Thank you for saying this. I’d hoped people would extend the basic assumption of competence toward me and understand that the bugs as presented were significantly more obscure when manifesting as odd parse behavior far removed from the source, but experience posting this article elsewhere has sadly dashed those hopes.
I totally understand. I hate hate hate bugs that manifest randomly or only long after the damage is done! My defense consists of deploying every available compiler warning, static checker, and runtime sanitizer to flush them out quickly. But sadly these are not on by default.
I see you changed the title to ”Two C++ bugs I wrote.” :)
A former manager of mine once compared C++ to “a double-edged razor blade”, and while it’s gotten better since 1991 it still has that nature.
The null-termination thing is of course a legacy from C. Strings are kind of a mess in C++ and I still find myself using the char* variety at times because there are APIs that require it. I’ve just learned to be very vigilant about null-termination when doing such conversions.
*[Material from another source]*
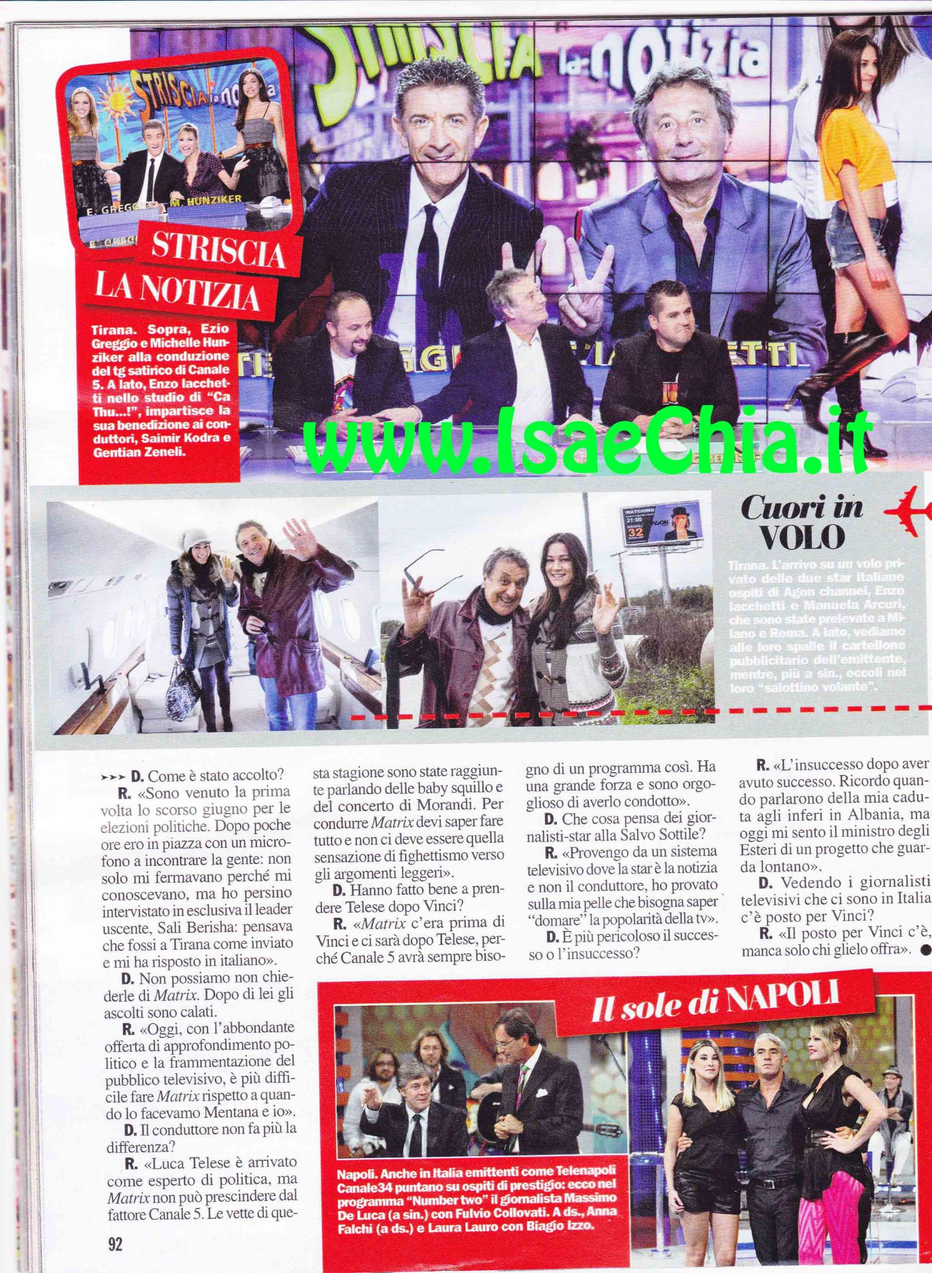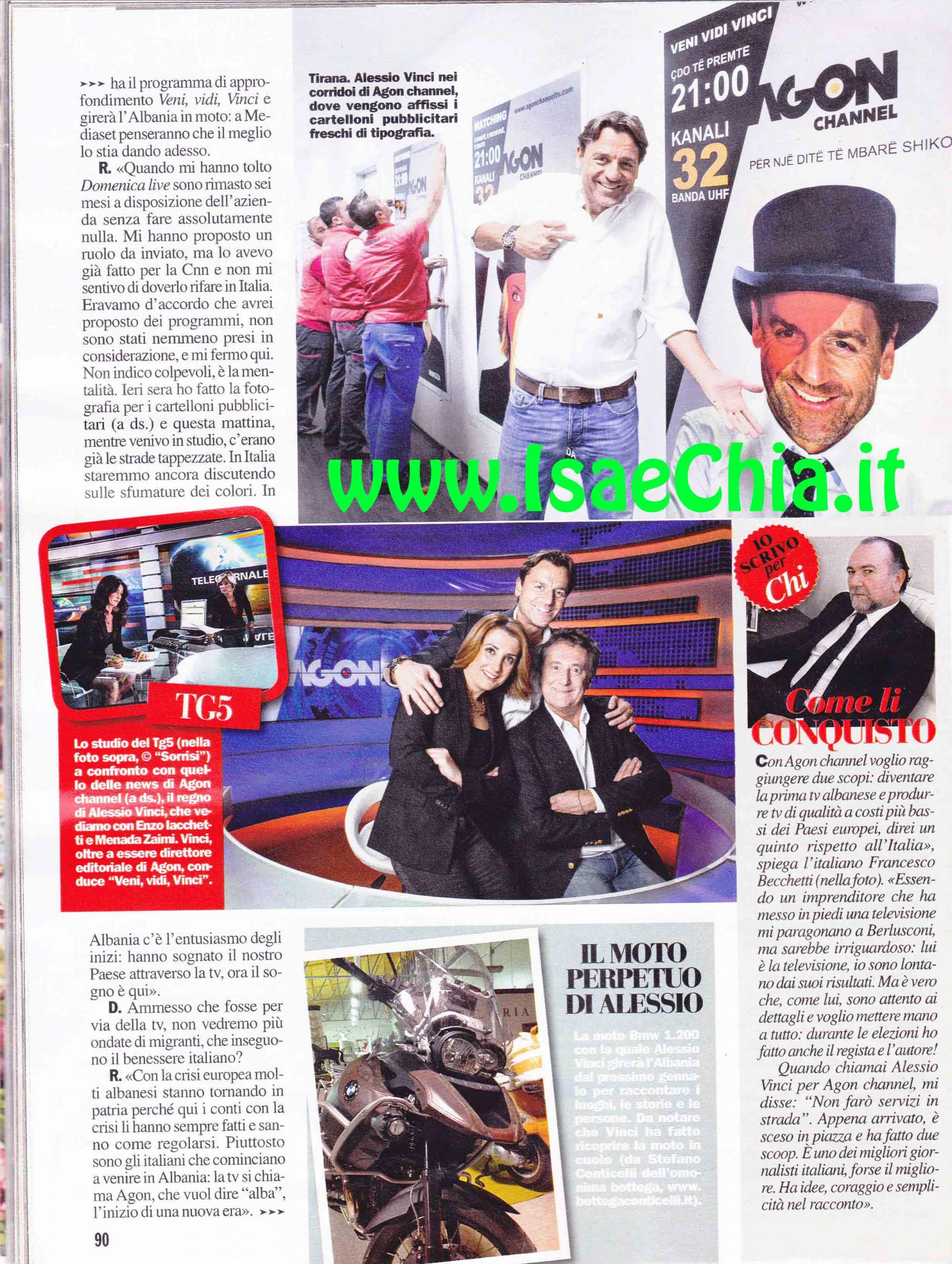 Per tanti anni in Albania hanno guardato la nostra tv. Poi è arrivato un imprenditore e ha detto “Perché non possono avere una tv come la nostra tv italiana ma con i loro volti e la loro lingua?”. Ecco che è nata Agon Channel, di cui l’ex conduttore di Matrix Alessio Vinci è diventato direttore. C’è Ezio Greggio alla conduzione di Striscia e Manuela Arcuri che si fa intervistare dal Fabio Fazio albanese. “Manca solo Barbara D’Urso: quella originale è talmente brava che se parlasse anche la lingua sarebbe peretta. Lo ha dimostrato venendo qui a esplorare il lato umano dei candidati alle elezioni” commenta Vinci. “Ci sono 150 persone che lavorano 12 ore al giorno per portare gli stessi standard qualitativi italiani. Quando Mediaset mi ha tolto Domenica Live sono rimasto sei mesi a disposizione senza fare nulla. Avevo proposto dei programmi ma non sono stati nemmeno presi in considerazione. Ora avrò il programma Veni, vidi, Vinci e girerò l’Albania in moto. Con la crisi europea molti albanesi stanno tornando in Patria, perché sanno farsi i conti. Piuttosto sono gli italiani a venire in Albania: la mia tv si chiama Agon, che significa “alba”, l’inizio di nuova era. Mi hanno accolto bene qui: ho intervistato il leader politico uscente in occasione delle elezioni e mi ha risposto in italiano. Fare Matrix ora in Italia è più difficile di quando lo facevamo io o Enrico Mentana, ma è un programma di cui Canale 5 avrà sempre bisogno e sono orgoglioso di averlo fatto”. Infine, quando gli si chiede se, guardando ai giornalisti in Italia, c’è ancora posto per lui, risponde: “Il posto per Vinci c’è, manca solo chi glielo offra!”

The vector thing is IMHO a result of C++ defaulting to performance over safety and not providing a good compile-time toggle switch. Library calls ought to be range-checked in debug builds, with illegal behavior causing immediate termination. Every decent C++ program has build flags for debug vs release, but it’s not really built into the language and libraries — a few things like assert obey the NDEBUG macro but most of the library doesn’t. Libc++ has a little-known flag to enable range checks, and the UB sanitizer helps a lot too, and the Address Sanitizer will catch cases where the code goes off into the weeds. I consider those requirements for developing and testing C++ code.
I would love to switch to a safer language, I just haven’t found the ideal one for me yet! Swift seems to come closest although it’s too far from bare-metal for all use cases.
I feel like the pop_back example is a really good example of the ways C++ really suffers from how late std::option got added to the language and isn’t really baked in the way e.g. Rust is, where they’re considered a fundamental building block, and serves as a sign of how C++ really suffers from it’s poor initial conceptualization as just being C with classes. I don’t think it’s a foot gun that will ever fully go away.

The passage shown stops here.